Tuesday, 7 November 2023

How to get your guest(s) to eat more: 01 (London)


The Chinese style of hospitality is to make sure your guests have enough to eat — the host must not be seen to be stingy.  The guests, on their part, must make sure they’re not seen to be greedy, so they must exercise restraint — I’d heard of people who’d actually eat BEFORE going to a dinner party, so that they really cannot eat much.  This is, therefore, the ritual (what I call “a silly game”): the host will press the guests to eat more food, the guests will decline; this will go on for a few times (sometimes even five) before one party surrenders.  It’s an interesting exercise for guessing who’s genuine: in pressing more food onto the guests’ plate / in refusing another helping.

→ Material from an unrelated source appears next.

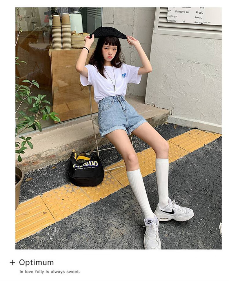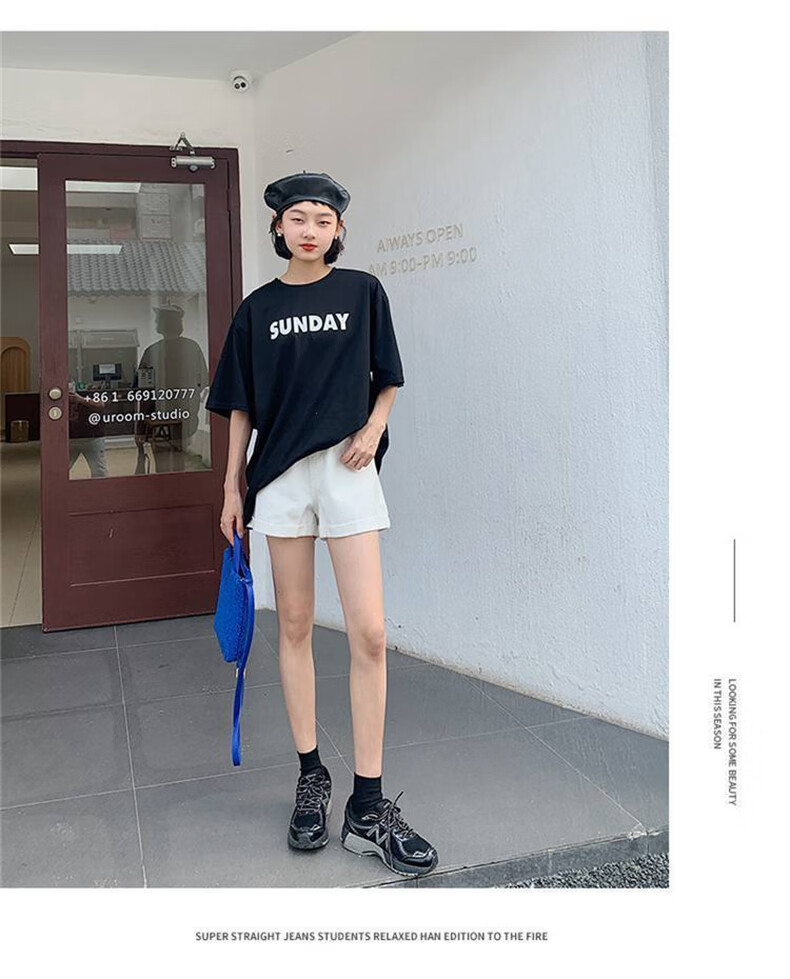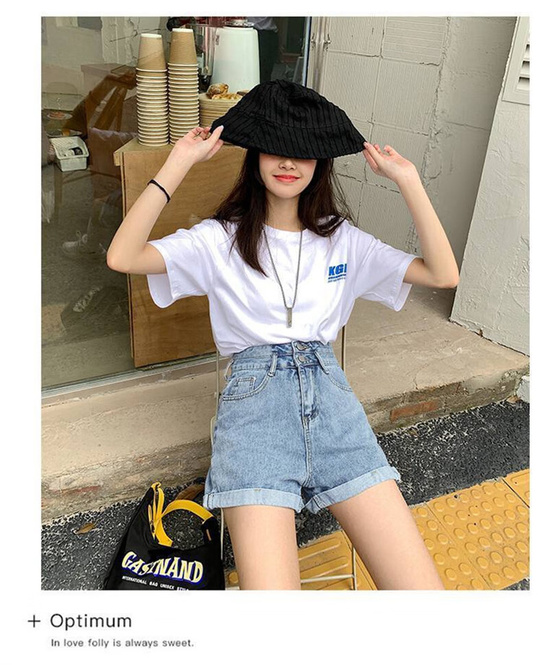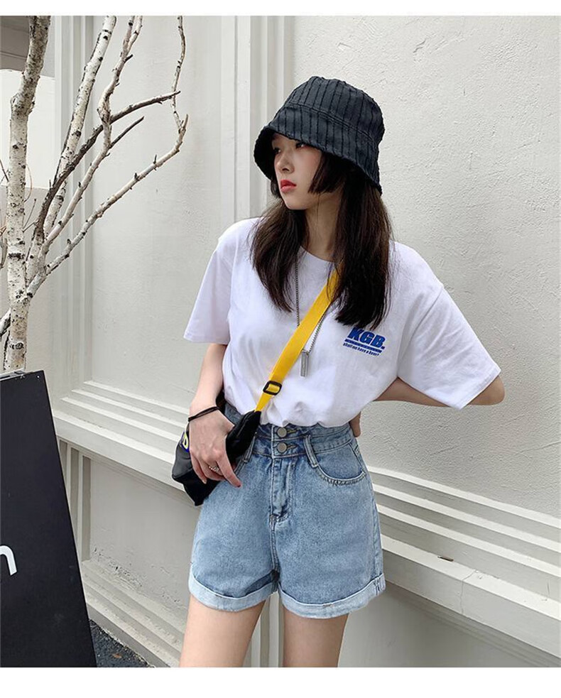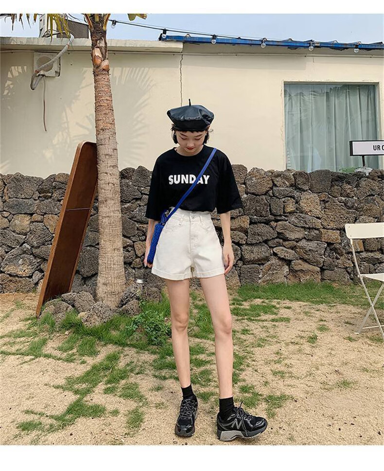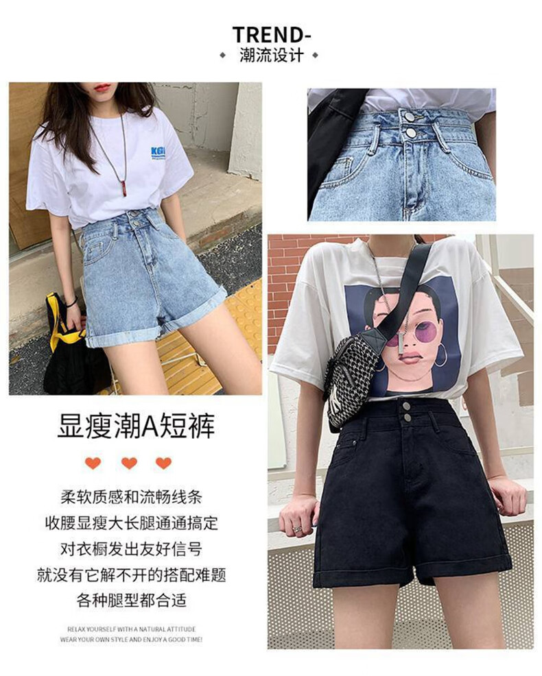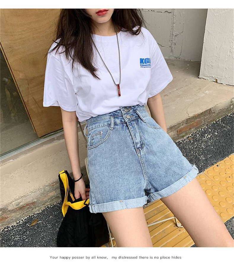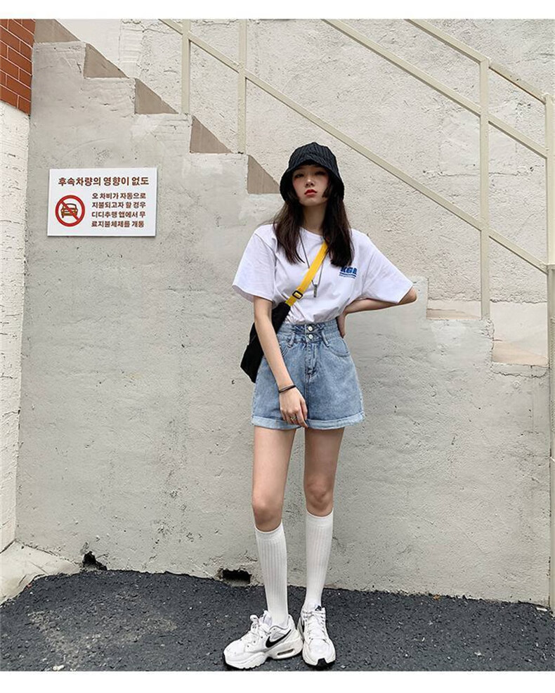 Langsha white denim shorts women's summer new high-waisted straight double-button loose wide-leg outer hot pants ins trend

    I’ve always found food tastes better when partaken in company.  (When I’m the guest, there’s also the element of the host being a better cook than I, which is not difficult.)  So, it’s not surprising that I end up eating more than my usual quantity.  (My mouth and stomach do not always work together: if my mouth fancies the food, my stomach gets overruled even when it has no more room.)

    The other element is my abhorrence of waste, so I will clean out the rest of the dish if there’s any threat of it being binned, even when I've had enough already.  This is where some astute friends have worked out how to get me to eat more or take the rest home.

    One of them, ex-student Slovak Martin, would take the dish to the bin, sort of dangle it close to the flipped-up lid as if about to tip the contents in, and look at me with raised eyebrows.  Never failed to help me decide I’d eat that last morsel or take it home.

    Mauritian Colette would cook an extra large portion, then say they don’t eat leftovers, that it’d all go to the food waste recycling bin (therefore not really wasted).  I always succumb.